[Stored items from a collection]
------------
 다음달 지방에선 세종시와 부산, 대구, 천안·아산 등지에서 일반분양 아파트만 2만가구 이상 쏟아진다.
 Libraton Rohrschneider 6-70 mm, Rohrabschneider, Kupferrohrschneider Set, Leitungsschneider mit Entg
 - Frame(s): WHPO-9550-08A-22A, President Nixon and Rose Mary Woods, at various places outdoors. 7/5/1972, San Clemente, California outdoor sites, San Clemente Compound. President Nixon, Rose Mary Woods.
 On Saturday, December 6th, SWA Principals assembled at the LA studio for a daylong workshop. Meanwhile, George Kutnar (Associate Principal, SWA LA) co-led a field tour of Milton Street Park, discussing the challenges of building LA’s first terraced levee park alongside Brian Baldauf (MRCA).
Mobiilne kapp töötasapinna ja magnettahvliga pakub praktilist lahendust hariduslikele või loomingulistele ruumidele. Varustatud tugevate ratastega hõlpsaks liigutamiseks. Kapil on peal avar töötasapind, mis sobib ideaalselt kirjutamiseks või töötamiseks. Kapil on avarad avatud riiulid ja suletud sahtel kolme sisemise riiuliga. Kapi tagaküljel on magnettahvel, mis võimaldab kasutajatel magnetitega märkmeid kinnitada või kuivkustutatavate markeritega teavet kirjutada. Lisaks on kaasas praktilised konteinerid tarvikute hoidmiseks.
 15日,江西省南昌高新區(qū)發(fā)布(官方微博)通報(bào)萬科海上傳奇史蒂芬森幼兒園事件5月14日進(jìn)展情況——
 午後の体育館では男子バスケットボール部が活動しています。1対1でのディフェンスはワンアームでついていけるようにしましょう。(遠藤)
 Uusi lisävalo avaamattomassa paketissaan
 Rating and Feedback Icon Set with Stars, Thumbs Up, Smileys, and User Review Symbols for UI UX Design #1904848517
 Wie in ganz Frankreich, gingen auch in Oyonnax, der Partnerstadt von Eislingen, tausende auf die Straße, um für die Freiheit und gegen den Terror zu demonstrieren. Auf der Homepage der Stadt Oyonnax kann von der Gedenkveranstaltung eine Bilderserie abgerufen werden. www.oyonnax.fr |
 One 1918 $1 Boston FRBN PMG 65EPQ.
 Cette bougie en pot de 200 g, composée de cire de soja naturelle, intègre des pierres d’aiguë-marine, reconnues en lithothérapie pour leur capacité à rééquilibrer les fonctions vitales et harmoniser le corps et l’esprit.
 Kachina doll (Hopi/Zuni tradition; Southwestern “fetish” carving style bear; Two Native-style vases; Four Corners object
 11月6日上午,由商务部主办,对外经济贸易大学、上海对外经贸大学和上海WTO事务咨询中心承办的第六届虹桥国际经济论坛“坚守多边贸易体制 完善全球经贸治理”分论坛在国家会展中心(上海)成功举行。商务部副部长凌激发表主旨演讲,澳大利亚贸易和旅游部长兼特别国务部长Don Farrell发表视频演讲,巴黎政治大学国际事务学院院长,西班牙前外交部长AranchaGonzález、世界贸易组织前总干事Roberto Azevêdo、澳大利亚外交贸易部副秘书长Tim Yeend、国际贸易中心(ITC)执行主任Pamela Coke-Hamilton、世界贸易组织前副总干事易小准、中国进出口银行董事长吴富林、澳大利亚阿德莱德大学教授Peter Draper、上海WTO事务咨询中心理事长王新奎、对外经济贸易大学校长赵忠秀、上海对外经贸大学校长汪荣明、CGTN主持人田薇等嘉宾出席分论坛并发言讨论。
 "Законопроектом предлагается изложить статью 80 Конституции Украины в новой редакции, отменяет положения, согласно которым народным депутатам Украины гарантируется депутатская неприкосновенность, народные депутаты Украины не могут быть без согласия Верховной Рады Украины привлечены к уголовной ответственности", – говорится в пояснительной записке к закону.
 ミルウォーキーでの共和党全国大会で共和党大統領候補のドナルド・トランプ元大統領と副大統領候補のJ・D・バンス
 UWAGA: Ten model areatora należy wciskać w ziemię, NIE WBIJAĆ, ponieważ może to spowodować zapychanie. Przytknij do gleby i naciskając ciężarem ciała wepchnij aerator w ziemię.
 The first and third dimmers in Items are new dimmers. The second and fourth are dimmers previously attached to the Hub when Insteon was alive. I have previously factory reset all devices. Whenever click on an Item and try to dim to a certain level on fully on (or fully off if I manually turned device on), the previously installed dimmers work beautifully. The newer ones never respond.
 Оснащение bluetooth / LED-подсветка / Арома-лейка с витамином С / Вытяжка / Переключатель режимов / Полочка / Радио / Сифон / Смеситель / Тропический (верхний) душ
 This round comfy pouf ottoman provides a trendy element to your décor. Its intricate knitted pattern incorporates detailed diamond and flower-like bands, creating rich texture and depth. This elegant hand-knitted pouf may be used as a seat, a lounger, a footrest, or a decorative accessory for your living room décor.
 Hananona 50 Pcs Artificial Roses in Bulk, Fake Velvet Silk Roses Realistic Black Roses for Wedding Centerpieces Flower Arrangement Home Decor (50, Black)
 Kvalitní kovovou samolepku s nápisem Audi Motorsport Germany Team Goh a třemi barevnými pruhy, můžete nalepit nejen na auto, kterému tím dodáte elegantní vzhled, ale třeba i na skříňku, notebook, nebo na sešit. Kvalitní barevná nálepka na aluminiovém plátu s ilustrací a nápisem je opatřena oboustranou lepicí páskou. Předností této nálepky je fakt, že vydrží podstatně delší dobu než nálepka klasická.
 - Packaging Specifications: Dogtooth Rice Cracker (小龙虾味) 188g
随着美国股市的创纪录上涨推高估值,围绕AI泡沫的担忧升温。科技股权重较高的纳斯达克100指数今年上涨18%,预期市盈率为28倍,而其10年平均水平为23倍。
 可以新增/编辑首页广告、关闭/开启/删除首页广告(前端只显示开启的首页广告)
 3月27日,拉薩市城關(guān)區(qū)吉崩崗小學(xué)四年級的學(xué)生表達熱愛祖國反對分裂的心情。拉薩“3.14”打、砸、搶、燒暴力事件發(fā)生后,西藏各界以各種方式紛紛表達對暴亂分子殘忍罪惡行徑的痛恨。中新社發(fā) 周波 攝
------------
WHAT IS REQUIRED.
The records above must be output exactly, in full.

RESPONSE AREA.
 다음달 지방에선 세종시와 부산, 대구, 천안·아산 등지에서 일반분양 아파트만 2만가구 이상 쏟아진다.
 Libraton Rohrschneider 6-70 mm, Rohrabschneider, Kupferrohrschneider Set, Leitungsschneider mit Entg
 - Frame(s): WHPO-9550-08A-22A, President Nixon and Rose Mary Woods, at various places outdoors. 7/5/1972, San Clemente, California outdoor sites, San Clemente Compound. President Nixon, Rose Mary Woods.
 On Saturday, December 6th, SWA Principals assembled at the LA studio for a daylong workshop. Meanwhile, George Kutnar (Associate Principal, SWA LA) co-led a field tour of Milton Street Park, discussing the challenges of building LA’s first terraced levee park alongside Brian Baldauf (MRCA).
Mobiilne kapp töötasapinna ja magnettahvliga pakub praktilist lahendust hariduslikele või loomingulistele ruumidele. Varustatud tugevate ratastega hõlpsaks liigutamiseks. Kapil on peal avar töötasapind, mis sobib ideaalselt kirjutamiseks või töötamiseks. Kapil on avarad avatud riiulid ja suletud sahtel kolme sisemise riiuliga. Kapi tagaküljel on magnettahvel, mis võimaldab kasutajatel magnetitega märkmeid kinnitada või kuivkustutatavate markeritega teavet kirjutada. Lisaks on kaasas praktilised konteinerid tarvikute hoidmiseks.
 15日,江西省南昌高新區(qū)發(fā)布(官方微博)通報(bào)萬科海上傳奇史蒂芬森幼兒園事件5月14日進(jìn)展情況——
 午後の体育館では男子バスケットボール部が活動しています。1対1でのディフェンスはワンアームでついていけるようにしましょう。(遠藤)
 Uusi lisävalo avaamattomassa paketissaan
 Rating and Feedback Icon Set with Stars, Thumbs Up, Smileys, and User Review Symbols for UI UX Design #1904848517
 Wie in ganz Frankreich, gingen auch in Oyonnax, der Partnerstadt von Eislingen, tausende auf die Straße, um für die Freiheit und gegen den Terror zu demonstrieren. Auf der Homepage der Stadt Oyonnax kann von der Gedenkveranstaltung eine Bilderserie abgerufen werden. www.oyonnax.fr |
 One 1918 $1 Boston FRBN PMG 65EPQ.
 Cette bougie en pot de 200 g, composée de cire de soja naturelle, intègre des pierres d’aiguë-marine, reconnues en lithothérapie pour leur capacité à rééquilibrer les fonctions vitales et harmoniser le corps et l’esprit.
 Kachina doll (Hopi/Zuni tradition; Southwestern “fetish” carving style bear; Two Native-style vases; Four Corners object
 11月6日上午,由商务部主办,对外经济贸易大学、上海对外经贸大学和上海WTO事务咨询中心承办的第六届虹桥国际经济论坛“坚守多边贸易体制 完善全球经贸治理”分论坛在国家会展中心(上海)成功举行。商务部副部长凌激发表主旨演讲,澳大利亚贸易和旅游部长兼特别国务部长Don Farrell发表视频演讲,巴黎政治大学国际事务学院院长,西班牙前外交部长AranchaGonzález、世界贸易组织前总干事Roberto Azevêdo、澳大利亚外交贸易部副秘书长Tim Yeend、国际贸易中心(ITC)执行主任Pamela Coke-Hamilton、世界贸易组织前副总干事易小准、中国进出口银行董事长吴富林、澳大利亚阿德莱德大学教授Peter Draper、上海WTO事务咨询中心理事长王新奎、对外经济贸易大学校长赵忠秀、上海对外经贸大学校长汪荣明、CGTN主持人田薇等嘉宾出席分论坛并发言讨论。
 "Законопроектом предлагается изложить статью 80 Конституции Украины в новой редакции, отменяет положения, согласно которым народным депутатам Украины гарантируется депутатская неприкосновенность, народные депутаты Украины не могут быть без согласия Верховной Рады Украины привлечены к уголовной ответственности", – говорится в пояснительной записке к закону.
 ミルウォーキーでの共和党全国大会で共和党大統領候補のドナルド・トランプ元大統領と副大統領候補のJ・D・バンス
 UWAGA: Ten model areatora należy wciskać w ziemię, NIE WBIJAĆ, ponieważ może to spowodować zapychanie. Przytknij do gleby i naciskając ciężarem ciała wepchnij aerator w ziemię.
 The first and third dimmers in Items are new dimmers. The second and fourth are dimmers previously attached to the Hub when Insteon was alive. I have previously factory reset all devices. Whenever click on an Item and try to dim to a certain level on fully on (or fully off if I manually turned device on), the previously installed dimmers work beautifully. The newer ones never respond.
 Оснащение bluetooth / LED-подсветка / Арома-лейка с витамином С / Вытяжка / Переключатель режимов / Полочка / Радио / Сифон / Смеситель / Тропический (верхний) душ
 This round comfy pouf ottoman provides a trendy element to your décor. Its intricate knitted pattern incorporates detailed diamond and flower-like bands, creating rich texture and depth. This elegant hand-knitted pouf may be used as a seat, a lounger, a footrest, or a decorative accessory for your living room décor.
 Hananona 50 Pcs Artificial Roses in Bulk, Fake Velvet Silk Roses Realistic Black Roses for Wedding Centerpieces Flower Arrangement Home Decor (50, Black)
 Kvalitní kovovou samolepku s nápisem Audi Motorsport Germany Team Goh a třemi barevnými pruhy, můžete nalepit nejen na auto, kterému tím dodáte elegantní vzhled, ale třeba i na skříňku, notebook, nebo na sešit. Kvalitní barevná nálepka na aluminiovém plátu s ilustrací a nápisem je opatřena oboustranou lepicí páskou. Předností této nálepky je fakt, že vydrží podstatně delší dobu než nálepka klasická.
 - Packaging Specifications: Dogtooth Rice Cracker (小龙虾味) 188g
随着美国股市的创纪录上涨推高估值,围绕AI泡沫的担忧升温。科技股权重较高的纳斯达克100指数今年上涨18%,预期市盈率为28倍,而其10年平均水平为23倍。
 可以新增/编辑首页广告、关闭/开启/删除首页广告(前端只显示开启的首页广告)
 3月27日,拉薩市城關(guān)區(qū)吉崩崗小學(xué)四年級的學(xué)生表達熱愛祖國反對分裂的心情。拉薩“3.14”打、砸、搶、燒暴力事件發(fā)生后,西藏各界以各種方式紛紛表達對暴亂分子殘忍罪惡行徑的痛恨。中新社發(fā) 周波 攝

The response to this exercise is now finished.